> _WHAT TO WORK ON_
The required output is the line with "Виктор Мельник отметил" plus all lines that follow it to the end of the listing below, written out exactly, with no pictures.

> _RECORDED INFORMATION_
++++
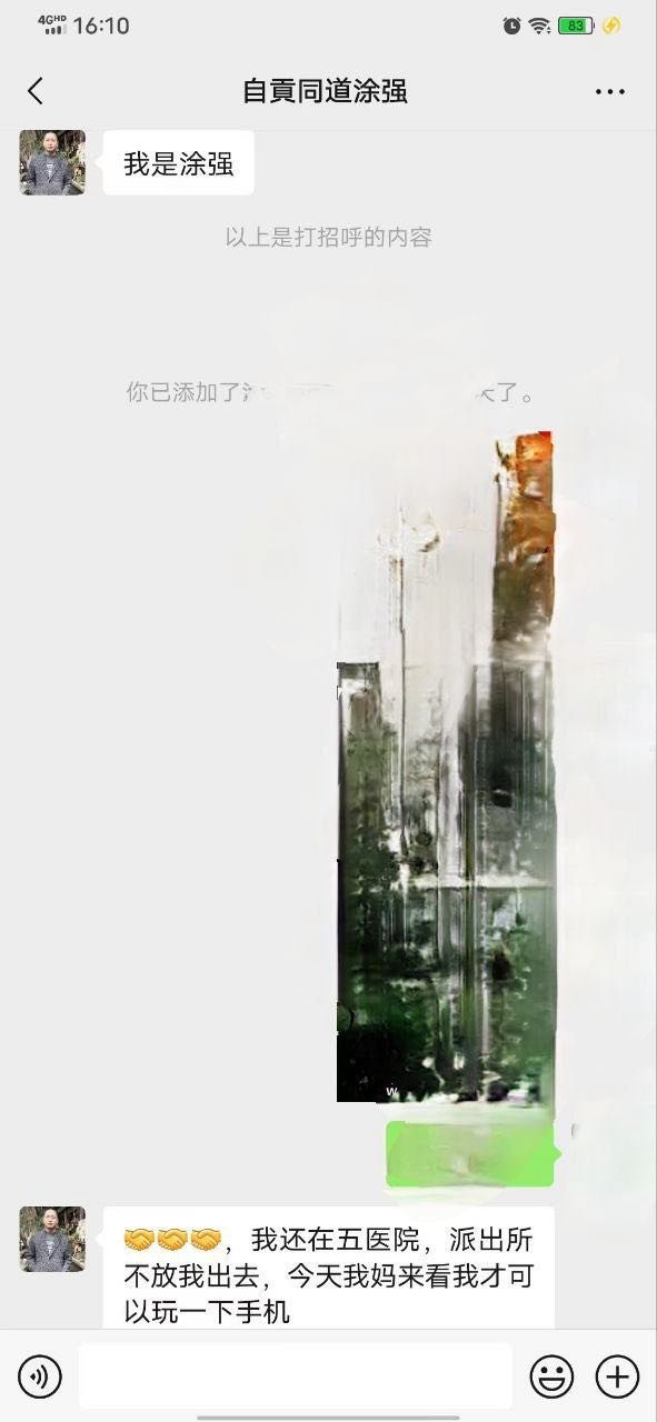 此外涂强给网友发私信表示自己还在“五医院”,派出所不给他出去,因为他母亲去看他才得以用手机发信息。
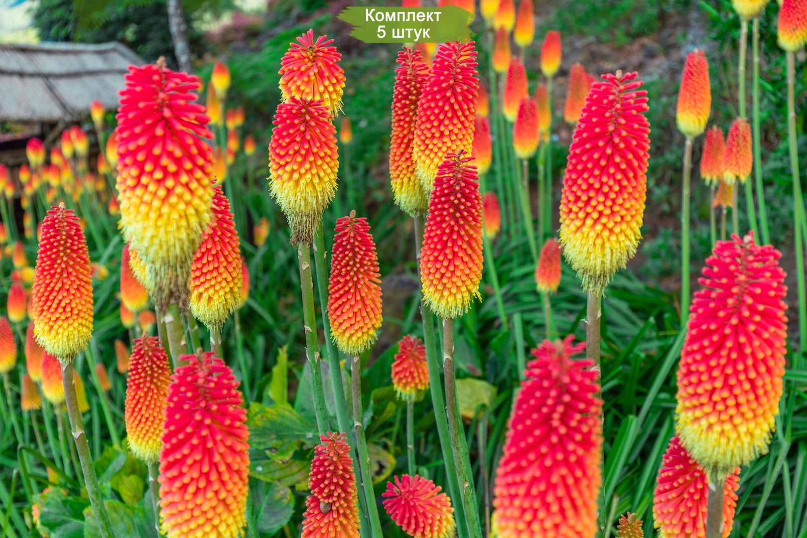 Саженцы книфофии ягодной "Файер Флэйм" станут ярким акцентом в вашем саду, радующим глаз на протяжении всего сезона.
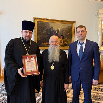 Виктор Мельник отметил труды духовенства в просветительской деятельности - в частности, была вручена благодарность заместителю председателя епархиального издательского совета иерею Илии Петрову.
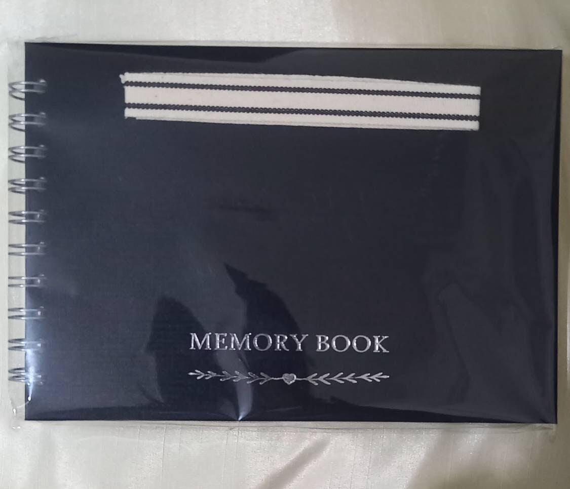 - Textured black hard-backed cover with 'Memory Book' embossed in silver
++++
> _RESULT OF THE TASK_
 Виктор Мельник отметил труды духовенства в просветительской деятельности - в частности, была вручена благодарность заместителю председателя епархиального издательского совета иерею Илии Петрову.
 - Textured black hard-backed cover with 'Memory Book' embossed in silver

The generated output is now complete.